House Judiciary Committee Chairman Jerrold Nadler (D-N.Y.) announced late Thursday that the vote on articles of impeachment against President Donald Trump would be postponed.
“It has been a long two days of consideration of these articles [of impeachment], and it is now very late at night,” Nadler said around 11:20 p.m. local time, after a 14-hour congressional hearing.
“I want the members on both sides of the aisle to think about what is happening over these last two days and to search their consciences before we cast our final votes. Therefore the committee will now stand in recess until tomorrow [Friday] morning at 10 a.m., at which point I will move to divide the question so that each of us may have the opportunity to cast up or down votes, on each of the articles of impeachment ... the committee is in recess,” he said.

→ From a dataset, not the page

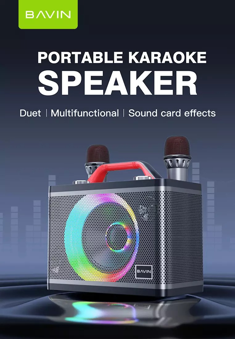 اسپیکر بلوتوث Bavin BM10 دارای یک وُفر 5.25 اینچی قوی و دو توییتر 40 میلیمتری می باشد.علاوه بر پخش با کیفیت موسیقی اسپیکر بلوتوث Bavin BM10 دارای دو میکروفون است که با بلوتوث به اسپیکر متصل شده و می توان از آن برای خواندن و کارائوکه نیز استفاده کرد.

Immediately following Nadler’s announcement, Rep. Doug Collins (R-Ga.), ranking member of the House Judiciary Committee, said that the sudden change was not discussed.
“There was no consulting through the minority ranking member on your schedule for tomorrow, which you'd just blown up schedules for everyone. You chose not to consult the ranking member on the schedule issue of this magnitude?” Collins asked. “This is the kangaroo court that we’re talking about ... not even consult?”
“They do not care about rules; they have one thing, their hatred of Donald Trump,” Collins added.
“This was the most bush-league thing I have seen, forever,” he told reporters. “This committee is more concerned about getting on TV in the morning than it was finishing its job tonight and letting the members go home. Words cannot describe how inappropriate this was.”
Rep. Louie Gohmert (R-Texas) could be heard saying “Stalinist!” soon after Nadler’s announcement.
Asked why the votes did not occur late Thursday, House Judiciary Vice Chair Mary Gay Scanlon (D-Pa.) said, “The American people deserve to see the vote.”
Democrats’ push to impeach Trump revolve around his July phone call with Ukrainian President Volodymyr Zelensky, during which Trump asked his counterpart to “look into” allegations against former Vice President Joe Biden and his son Hunter Biden.
Trump noted that Joe Biden stated publicly last year that he threatened in 2016 to withhold $1 billion in aid to Ukraine unless the country fired its top prosecutor, Viktor Shokin. Shokin was reportedly investigating the Ukrainian natural gas company Burisma on which Hunter Biden, served as a board director while his father was in office. Shokin’s replacement closed the probe after Shokin was fired.
But Democrats said that testimony from State Department and National Security Council officials suggest that Trump had exerted pressure on Ukraine to secure an investigation into the Bidens, construing a misuse of power.